(Beginning of SOURCE RECORDS)

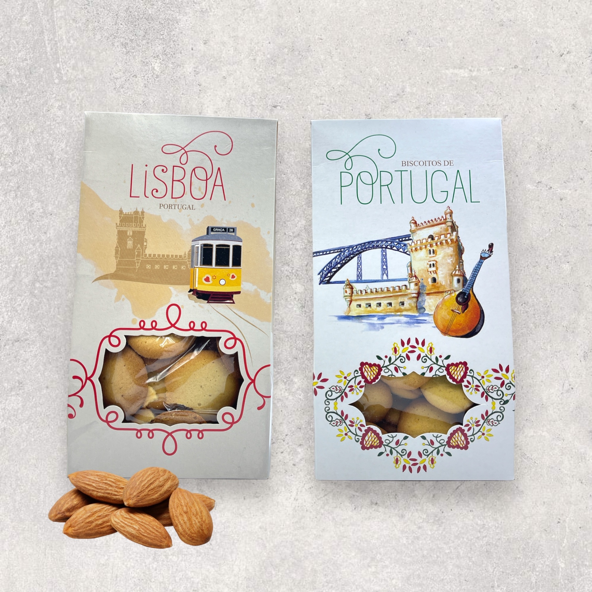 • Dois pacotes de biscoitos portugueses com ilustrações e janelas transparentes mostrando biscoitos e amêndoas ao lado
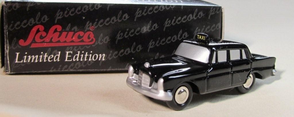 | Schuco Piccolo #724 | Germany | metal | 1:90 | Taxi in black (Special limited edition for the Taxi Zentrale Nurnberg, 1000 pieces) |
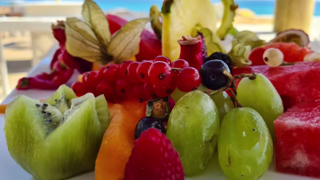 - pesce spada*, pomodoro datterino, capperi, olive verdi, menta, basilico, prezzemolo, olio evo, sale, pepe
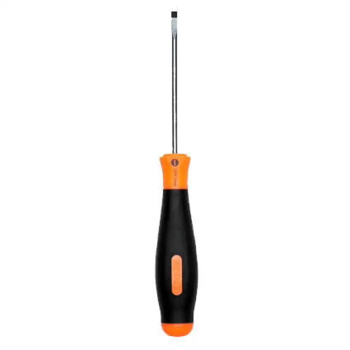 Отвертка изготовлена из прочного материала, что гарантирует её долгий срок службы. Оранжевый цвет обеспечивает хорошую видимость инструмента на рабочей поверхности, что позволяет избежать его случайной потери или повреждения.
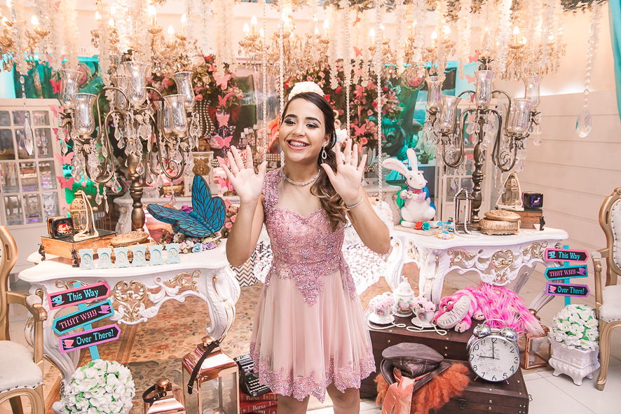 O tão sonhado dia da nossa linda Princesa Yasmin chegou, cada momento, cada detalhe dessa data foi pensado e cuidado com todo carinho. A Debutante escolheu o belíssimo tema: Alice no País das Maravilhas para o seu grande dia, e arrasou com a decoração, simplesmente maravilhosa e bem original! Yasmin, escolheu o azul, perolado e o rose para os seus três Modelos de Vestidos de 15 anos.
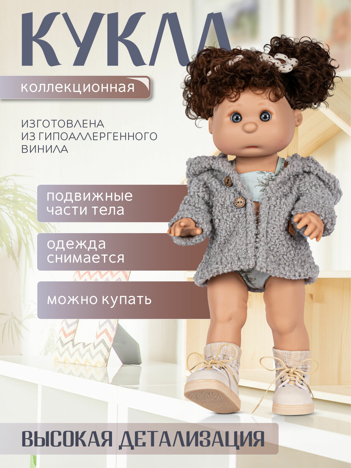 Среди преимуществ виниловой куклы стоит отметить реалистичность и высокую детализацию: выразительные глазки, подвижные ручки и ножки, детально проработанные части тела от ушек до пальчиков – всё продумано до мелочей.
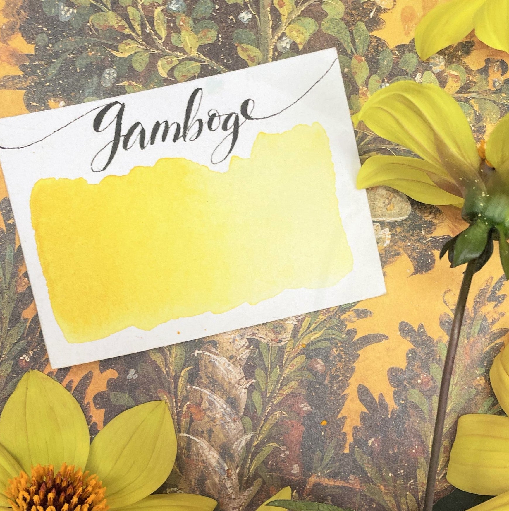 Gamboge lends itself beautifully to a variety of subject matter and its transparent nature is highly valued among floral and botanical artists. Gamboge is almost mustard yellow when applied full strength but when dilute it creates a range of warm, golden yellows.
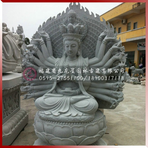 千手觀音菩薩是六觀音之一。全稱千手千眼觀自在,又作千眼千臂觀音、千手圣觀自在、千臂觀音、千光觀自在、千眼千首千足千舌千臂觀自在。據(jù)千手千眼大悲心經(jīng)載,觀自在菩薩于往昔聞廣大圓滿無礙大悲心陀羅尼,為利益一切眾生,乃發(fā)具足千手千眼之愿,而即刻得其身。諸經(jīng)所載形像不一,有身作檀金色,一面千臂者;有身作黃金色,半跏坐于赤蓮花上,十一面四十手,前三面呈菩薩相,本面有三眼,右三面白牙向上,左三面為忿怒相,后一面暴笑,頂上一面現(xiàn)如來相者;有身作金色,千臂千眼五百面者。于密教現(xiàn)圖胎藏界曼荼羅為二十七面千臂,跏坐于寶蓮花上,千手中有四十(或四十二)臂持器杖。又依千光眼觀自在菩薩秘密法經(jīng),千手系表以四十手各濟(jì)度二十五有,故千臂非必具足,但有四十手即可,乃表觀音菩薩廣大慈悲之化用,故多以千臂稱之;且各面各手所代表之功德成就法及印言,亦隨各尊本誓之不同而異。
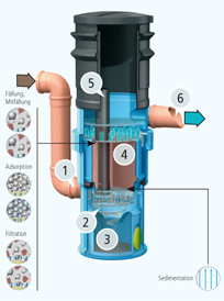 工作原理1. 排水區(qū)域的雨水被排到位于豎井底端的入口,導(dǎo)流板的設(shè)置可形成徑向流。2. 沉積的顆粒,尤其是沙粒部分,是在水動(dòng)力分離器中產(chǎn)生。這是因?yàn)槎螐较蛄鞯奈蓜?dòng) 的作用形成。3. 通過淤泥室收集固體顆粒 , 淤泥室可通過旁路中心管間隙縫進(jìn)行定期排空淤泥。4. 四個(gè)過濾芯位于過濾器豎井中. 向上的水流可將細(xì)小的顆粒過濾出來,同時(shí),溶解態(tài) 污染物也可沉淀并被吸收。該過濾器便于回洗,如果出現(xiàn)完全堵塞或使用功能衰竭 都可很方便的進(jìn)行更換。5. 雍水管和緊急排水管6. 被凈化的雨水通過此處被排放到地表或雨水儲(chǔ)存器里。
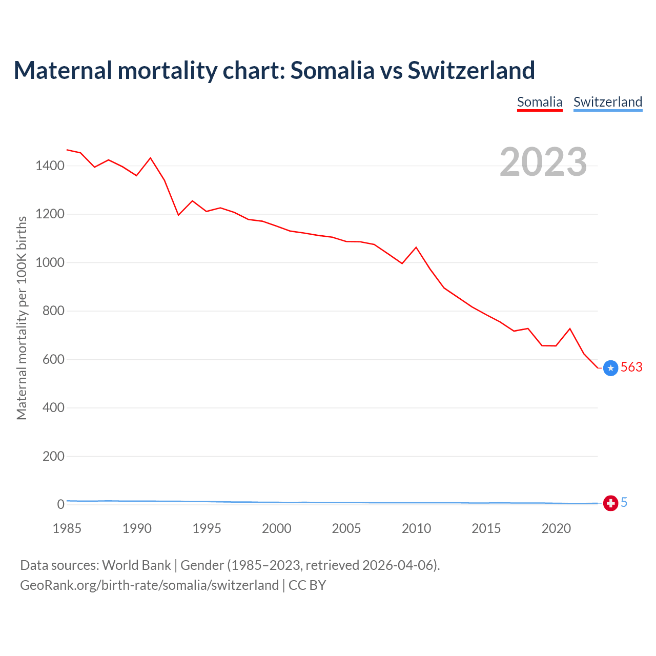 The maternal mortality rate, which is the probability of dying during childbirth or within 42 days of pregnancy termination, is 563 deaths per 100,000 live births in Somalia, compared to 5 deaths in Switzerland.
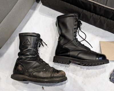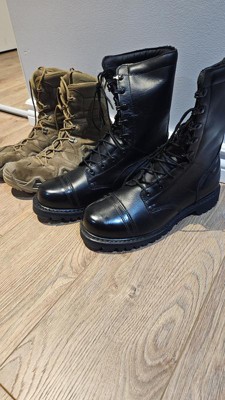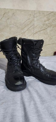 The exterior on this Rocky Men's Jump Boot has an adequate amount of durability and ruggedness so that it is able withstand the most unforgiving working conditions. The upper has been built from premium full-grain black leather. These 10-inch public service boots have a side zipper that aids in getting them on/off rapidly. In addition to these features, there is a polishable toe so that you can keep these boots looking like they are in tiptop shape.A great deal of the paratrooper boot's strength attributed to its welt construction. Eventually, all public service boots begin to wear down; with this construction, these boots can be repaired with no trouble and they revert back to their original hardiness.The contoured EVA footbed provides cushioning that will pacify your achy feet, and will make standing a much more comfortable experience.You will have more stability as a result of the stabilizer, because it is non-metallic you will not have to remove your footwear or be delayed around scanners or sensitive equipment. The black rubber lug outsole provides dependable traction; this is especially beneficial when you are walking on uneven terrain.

(End of SOURCE RECORDS)
(Beginning of SOURCE RECORDS)

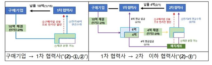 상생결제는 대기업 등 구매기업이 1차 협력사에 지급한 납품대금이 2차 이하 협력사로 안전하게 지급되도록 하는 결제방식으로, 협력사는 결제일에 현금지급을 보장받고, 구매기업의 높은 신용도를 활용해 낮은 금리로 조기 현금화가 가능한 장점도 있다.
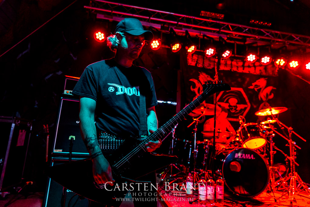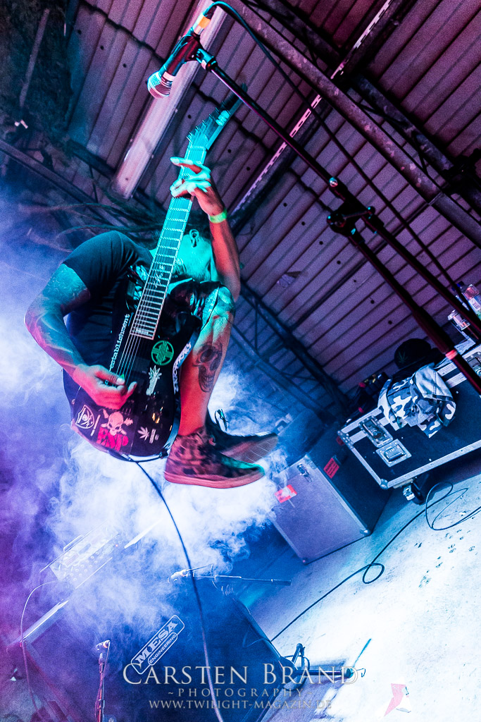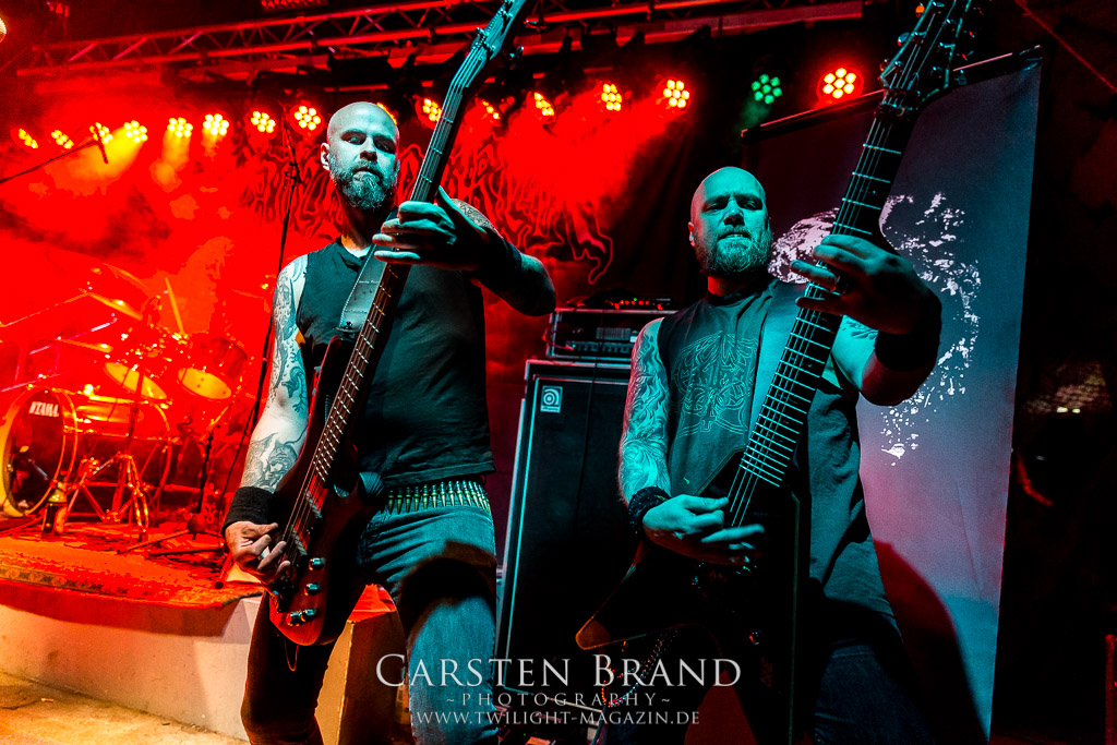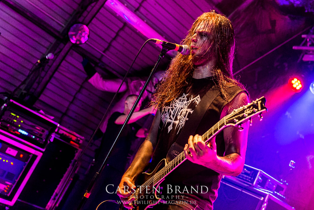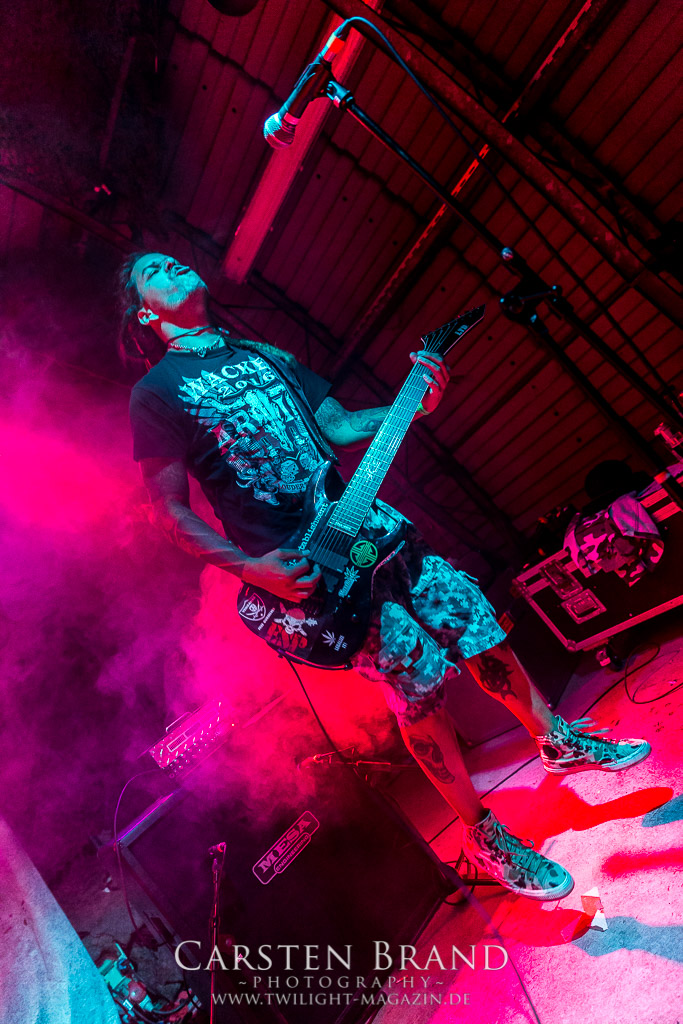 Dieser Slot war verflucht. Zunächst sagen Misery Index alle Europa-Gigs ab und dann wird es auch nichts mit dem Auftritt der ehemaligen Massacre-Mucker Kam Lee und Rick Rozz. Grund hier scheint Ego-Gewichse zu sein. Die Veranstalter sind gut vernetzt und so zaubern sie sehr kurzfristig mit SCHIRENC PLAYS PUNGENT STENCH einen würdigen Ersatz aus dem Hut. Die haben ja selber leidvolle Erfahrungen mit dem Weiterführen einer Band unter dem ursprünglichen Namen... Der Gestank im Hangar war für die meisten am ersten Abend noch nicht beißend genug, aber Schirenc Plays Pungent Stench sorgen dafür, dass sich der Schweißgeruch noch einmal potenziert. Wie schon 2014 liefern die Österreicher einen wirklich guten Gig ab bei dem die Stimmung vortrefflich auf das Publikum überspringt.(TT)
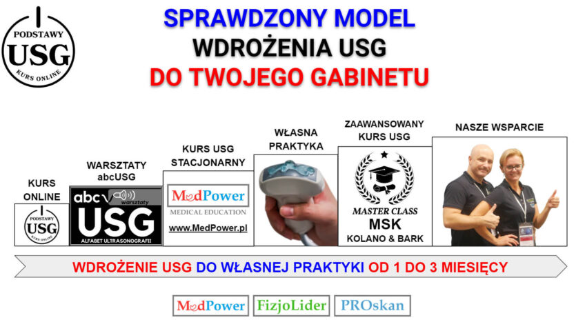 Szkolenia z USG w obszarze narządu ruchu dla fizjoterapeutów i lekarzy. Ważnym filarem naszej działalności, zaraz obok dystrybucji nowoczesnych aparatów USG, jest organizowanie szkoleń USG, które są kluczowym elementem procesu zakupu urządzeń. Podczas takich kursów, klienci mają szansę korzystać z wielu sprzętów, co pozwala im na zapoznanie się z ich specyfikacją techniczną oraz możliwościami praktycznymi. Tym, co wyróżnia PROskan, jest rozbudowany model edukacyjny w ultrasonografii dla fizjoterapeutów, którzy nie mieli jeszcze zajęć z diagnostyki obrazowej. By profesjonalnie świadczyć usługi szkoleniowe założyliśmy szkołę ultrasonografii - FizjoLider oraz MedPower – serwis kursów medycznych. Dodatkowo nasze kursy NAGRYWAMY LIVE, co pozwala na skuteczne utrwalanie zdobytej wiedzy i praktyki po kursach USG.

(End of SOURCE RECORDS)

**WORK INSTRUCTION:** Look above for the line holding "amêndoas ao lado" and output everything from it down to the line holding "- pesce spada*, pomodoro", both ends included, exactly and without images.

**SOLUTION FOR THIS EXERCISE:**
 • Dois pacotes de biscoitos portugueses com ilustrações e janelas transparentes mostrando biscoitos e amêndoas ao lado
 | Schuco Piccolo #724 | Germany | metal | 1:90 | Taxi in black (Special limited edition for the Taxi Zentrale Nurnberg, 1000 pieces) |
 - pesce spada*, pomodoro datterino, capperi, olive verdi, menta, basilico, prezzemolo, olio evo, sale, pepe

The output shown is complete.